LAMB: … Patrick. There’s Landon who was…
BELKIN: There’s Landon and Armando are the other two that are the major cases.
LAMB: Who was Landon?
BELKIN: Landon was a baby who was born to a wonderful couple named – excuse me, Kenny and Claire Sparks who had been trying to have a baby for seven years. And she had gotten pregnant and they were thrilled.
And about a month or so before the baby was due, the baby arrived. And had a very severe case of spina bifida, which is a problem with the spinal cord.
Essentially it doesn’t close properly. And depending how high up the lesion is on the baby will determine how severe the injury and the – what this child will or will not be able to do. And doctors told the parents that this was about as severe a case as they’d ever seen.
And one doctor – one second before I lose my voice here. One doctor suggested that they not do anything, that they not do a fairly standard operation to close a lesion on the back and simply let the baby die because the life that he would have was – he wouldn’t be able to walk or talk or sit or see or hear. I mean, the predictions were – were ominous. Excuse me.
And other doctors said that – or the other major doctor said that this would be manslaughter. That this was a standard operation and there was no reason not to do it, and advised the parents strongly to do the surgery.
And here were parents who had no medical training and who were ping ponging back and forth between two doctors who were giving them heartfelt and well-reasoned advice, but completely different advice. So, eventually the committee was called to make a decision.
LAMB: And?
BELKIN: The decision was interesting. Although every doctor in the room, except for the one who had called the meeting because he felt that the operation should be done – excuse me; it’s relevant to health care here. I’m losing my health.

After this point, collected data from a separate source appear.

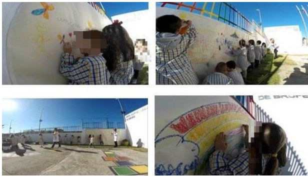
Figure 1A. Execution of a great mural in the school garden
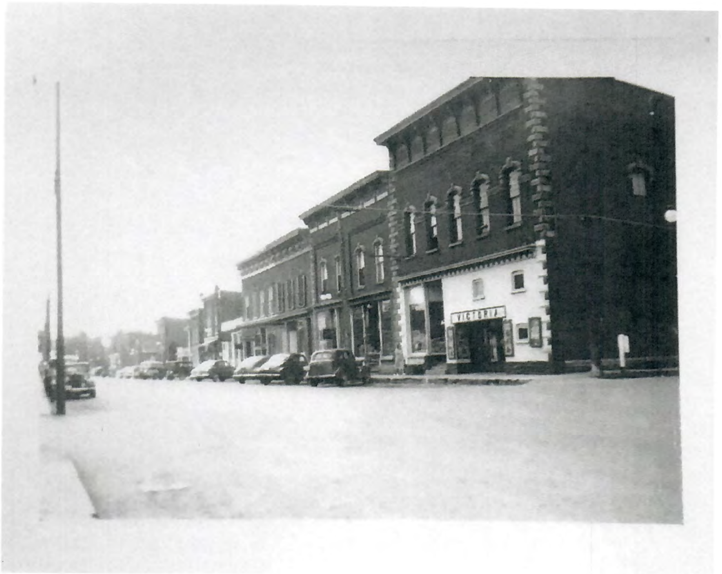
Victoria Theatre (1937 - ca 1963)
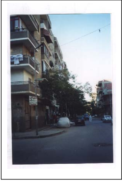
( 12 20 )
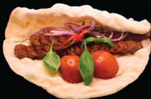
ADANA KEBAB €16 320 g minced beef & lamb, chili pepper parsley, garlic
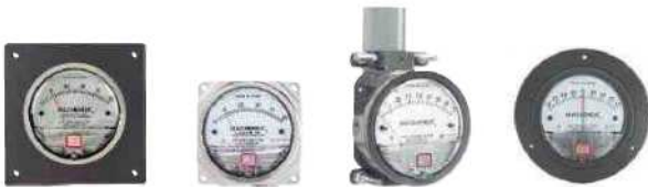
Flush, Surface or Pipe Mounted

A single case size is used for most models of Magnehelic® gages. They can be flush or surface mounted with standard hardware supplied. Although calibrated for vertical position, many ranges above 1" may be used at any angle by simply re-zeroing. However, for maximum accuracy, they must be calibrated in the same position in which they are used. These characteristics make Magnehelic® gages ideal for both stationary and portable applications. A 4-9/16" hole is required for flush panel mounting. Complete mounting and connection fittings, plus instructions, are furnished with each instrument. See page 7 for more information on mounting accessories.
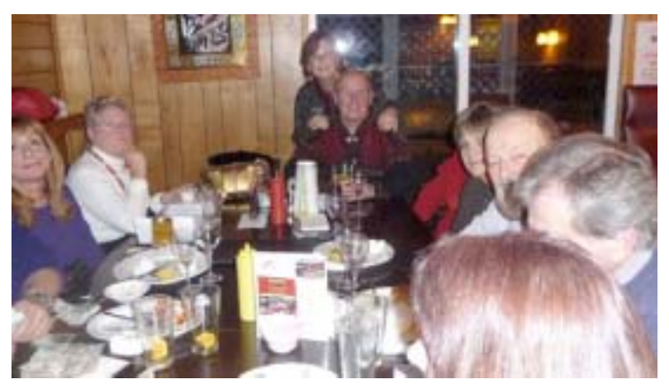
Board of Directors at The Northridge.

A: We noticed a fall-off of attendance, and we were getting stuck with unsold food. Those dinners were a successful model for at least twenty-five years, especially when we were a community of older adults with second homes. With our profile shifting to younger adults with kids, we've been experimenting with family-centered activities at the lake.

LAMB: And you’re in the middle of a cold, which doesn’t help either.
BELKIN: Exactly. But every doctor in the meeting said that if it were his or her baby that they would not do the surgery. And yet they worried that because these parents were undecided there would be sort of legal ramifications if they gave them that advice. So, they advised the parents to do the surgery, even though they wouldn’t have done it for their own child.
LAMB: There is…
BELKIN: You talk, I’ll drink.
LAMB: Let me go to the back of the book where you’ve got advanced praised for First, Do No Harm. And there were a couple of names that made a lot of sense, your old boss, Hendrick Smith; and Denton Cooley, the surgeon and chief of the Texas Heart Institute. But Frank DeFord is down here at the bottom, who I know as a sports writer. Why’s Frank DeFord on this thing?

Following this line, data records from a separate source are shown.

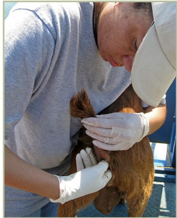
Collecting a fecal sample

What about FEC? Can it be used to determine the need for individual deworming? The simple answer is (most often) no. Quantitative egg counts are important in any internal parasite control program and can aid producers in monitoring the rate of pasture contamination. FEC can also be used to determine drug resistance as described above and also in selecting or culling particular animals. However, most of the time, FEC should not be used as the only indicator of when to deworm individual animals. If FEC are available, they should be used in conjunction with FAMACHA ® and the Five Point Check ® to determine the need for treatment. If an animal has an extremely
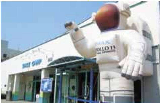
Space Camp, constructed under a license agreement with the U.S. Space Camp Foundation

Have you ever wanted to travel into space? Or even walk on the moon? Granted! Japan's only space-themed amusement park, Space World , will take you to Space Camp, which is the nation's first full-scale educational facility for space experience, and lets you try all the real action-packed flying-maneuvering-moon-walking-swirling training program similar to the ones real NASA astronauts go through before they go up in space. It offers you a total of eight exciting rides that include the Moon Walker, a ride that is designed to support 5/6 of your weight to make you walk like you are actually on the moon! You can also come onboard the Shuttle Simulator (Discovery), and be your own Captain!
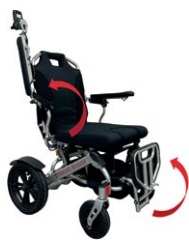
Fold-away footrest and lift-up armrests for safe front or side entry.

BELKIN: A sports writer and a wonderful sports writer. He also had a child who has cystic fibrosis and who lived through sort of the nightmare of a chronically ill child and the decisions that you have to make. And he wrote about it in a – a wonderful book, which was made into a movie, and which I learned a lot from.
So, I – I mean, I don’t know the man. I just called him one day and said hi, I wrote this book and would you read it? And he did and said some nice things about it. But that – to me he’s not only a wonderful sports writer but he really sort of is the soul of what – what I was trying to write about.
LAMB: The other name I did mention is Denton Cooley who is a surgeon general at Texas Heart Institute…
BELKIN: Right.
LAMB: And you also write about Michael DeBakey, these other famous names from the Texas Medical Center. Dr. Cooley says a medical thriller in the best sense of the word. Did you have a hard time getting him to endorse the book?
BELKIN: Again, I sent it to him and was very surprised. I got a letter back, and you know from college days that thin envelopes are bad and fat envelopes are good. And there was this thin envelope in my box at work and it was return address Denton Cooley.
And quite honestly I almost didn’t open it because OK great, he’s saying no. And he said you know you can use this if you like. And I liked. So, they put it on the back of the book.
LAMB: We talked about Landon and the others, and there’s one left, Armando.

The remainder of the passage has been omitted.